Consider $X_1, X_2,\dots $ i.i.d. random variables that are geometrically distributed with parameter $\frac 1 2$. With the moment generating function of $X_1$ (from Wikipedia) one gets $$ \Lambda(t) = \log E[e^{tX_1}] = \log \frac{pe^t}{1-(1-p)e^t}=-\log(2) + t-\log\left(1-\frac 1 2 e^t\right). $$ I'd like to know what the rate function $I(\cdot)$ is though. In my textbook, I have this formula $$ I(x)=\Lambda^*(x) = \sup_{t\in\mathbb R}\left\{ tx - \Lambda(t) \right\} = \sup_{t\in\mathbb R}\left\{ tx +\log(2) - t+\log\left(1-\frac 1 2 e^t\right) \right\}. $$ The solution is supposed to be (but have not found a way to get there): $$ I(x)=x\log x-(1+x) \log\left( \frac{1+x}{2} \right). $$ If you could provide one or two hints, I'd be really glad!

Answer 1

Let me give you few steps

1. Show that $\Lambda(t)$ is convex and therefore $tx-\Lambda(t)$ is concave. Thus there will be just one maximum of $tx-\Lambda(t)$.

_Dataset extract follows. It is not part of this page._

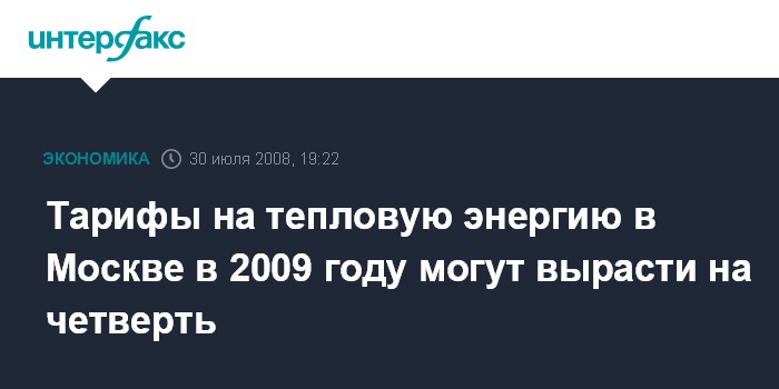 Москва. 30 июля. ИНТЕРФАКС - ОАО "Московская объединенная энергетическая компания" (МОЭК) ожидает роста тарифов на тепловую энергию в Москве в 2009 году на уровне порядка 25%, сообщил журналистам в среду глава компании Александр Ремезов.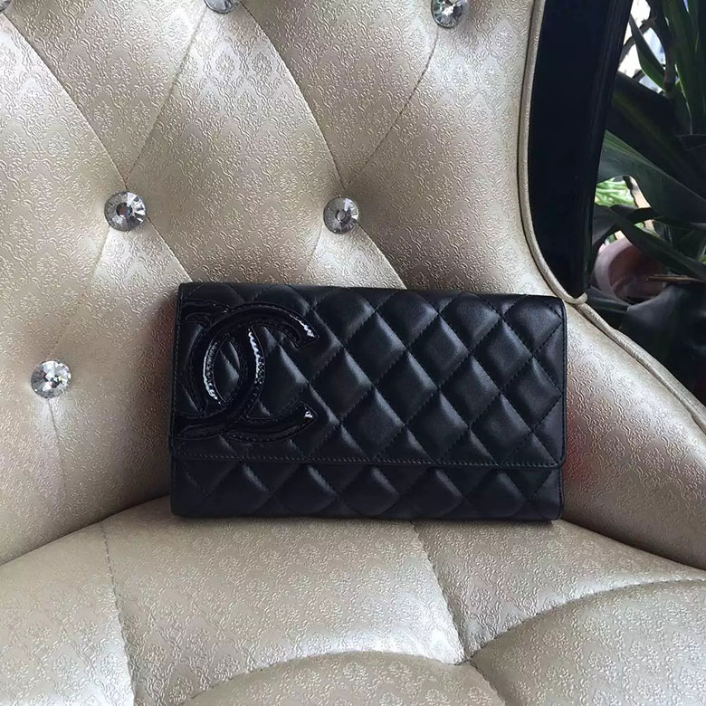 2016 Chanel Tri-Fold Wallet Original Calfskin Leather A46645 Black

2. Now differentiate $tx-\Lambda(t)$ with respect to $t$ and express $e^t$ in terms of $x$.

Response to the comment: your calculation is correct but the confusion occurred because of the definition of geometric distribution that you have used. Use the distribution that has support $\{0,1,2,\ldots\}$ and probability mass function $p_k$, where $$ p_k = \frac{1}{2^{k+1}} \,\text{ for }\,k=0,1,\ldots. $$
Let me know if you can complete it from here.